DANSE | CRITIQUE

Springville

PCéline Piettre
@10 Déc 2011

Artiste visuelle, performeuse toujours sur les routes — elle cumule en ce moment une tournée en Europe et une création — la belge Miet Warlop se qualifie elle-même d’hyperactive. Pas étonnant que le mouvement envahisse presque systématiquement ses installations, et finisse par contaminer les objets qui s’y trouvent, «réanimés» ou carrément incarnés comme ici dans Springville.

Sprinville a tout, en apparence, de la pièce classique: une scène, un décor, des interprètes, une intrigue, des effets spéciaux (aussi artisanaux soient-ils !), des tragédies, du rire, et un dénouement. Mais, dans ce théâtre muet — le texte seul manque à l’appel —, les personnages n’existent que par les rôles qu’on veut bien leur donner. Mi-hommes, mi-objets empêtrés dans des corps hybrides, exclus en lisière des catégories, «dérangés», ils ne sont pas grand-chose sans l’intervention de notre imaginaire. D’où une certaine détresse (celle des êtres inventés seulement pour quelques réprésentations) qui nous émeut, et donne d’emblée un ton tragi-comique à la pièce.

De leurs déplacements sur scène naissent des situations cocasses, des rencontres — entre un carton timide et une table aux jambes effilées —, des querelles, des micro drames. Tyrannisés par un «consommateur» tout puissant, démiurge intraitable, exploités jusqu’à l’épuisement, comme ce commutateur qui «pète» littéralement «les plomb » à force d’être vidé de sa substance électrique, ils vivent leur solitude et leur égarement devant nos yeux intrigués (et amusés). Chacun d’eux, prisonniers de sa fonction ou de sa différence, encaisse, impuissant, les petites catastrophes qui lui tombent dessus. Ca ne vous rappelle rien?

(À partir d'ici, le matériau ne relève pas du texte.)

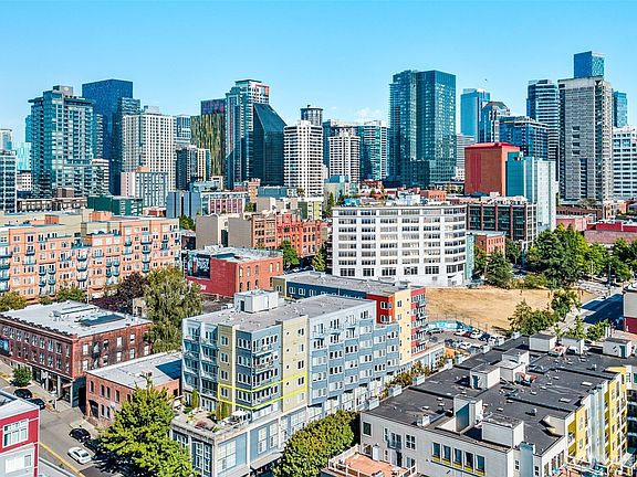 Spacious and bright southwest facing condo with views of Elliot Bay & the Sound! This home features a wall of windows to let in light & fresh air year round. Walk to Pike Place, the Waterfront & SLU. Enjoy all downtown has to offer with a home steps from everything but in a quieter block with iconic Seattle sea gull sounds & views including the Space Needle! Relax & recoup in comfort & style with granite counters, stainless steel appliances, breakfast bar & open living area with 2 large bedrooms. Site 17 is a pet friendly complex that includes on-site management, roof-top deck, fitness room and game/party room. 1 fully covered parking space & storage, in-unit washer & dryer plus fresh paint & carpeting throughout.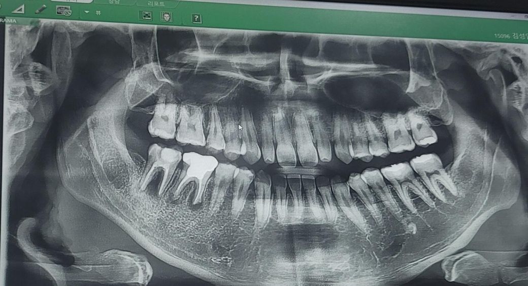 2. 정확한 충치 검사는 파노라마 사진보다는 치근단 사진으로 하는게 좋습니다만 위 사진상 작은 어금니 옆면으로 충치가 있는게 관찰되긴 합니다.

S’il est d’abord réjouissant d’aller à la rencontre de ces personnages parachutés dans un quotidien qui ressemble singulièrement au notre, si leurs aventures en disent long sur nos rapports avec notre environnement matériel (et naturel!), le spectacle s’essouffle vite par un manque de rythme. Nous ne voulons pas monter sur nos grands chevaux, et parler de la dramaturgie d’une pièce qui n’a pas l’ambition d’un théâtre, mais on peut regretter que Miet Warlop n’ait pas orchestré, minuté avec plus de précision son spectacle. Car le burlesque est avant tout la maîtrise du temps et de l’espace, et s’accorde mal avec la spontanéité de la performance. Deux «styles» semblent ici se côtoyer sans parvenir à s’accoupler. Et nous laisse sur une impression mitigée, comme une panne de moteur après un départ en trombe.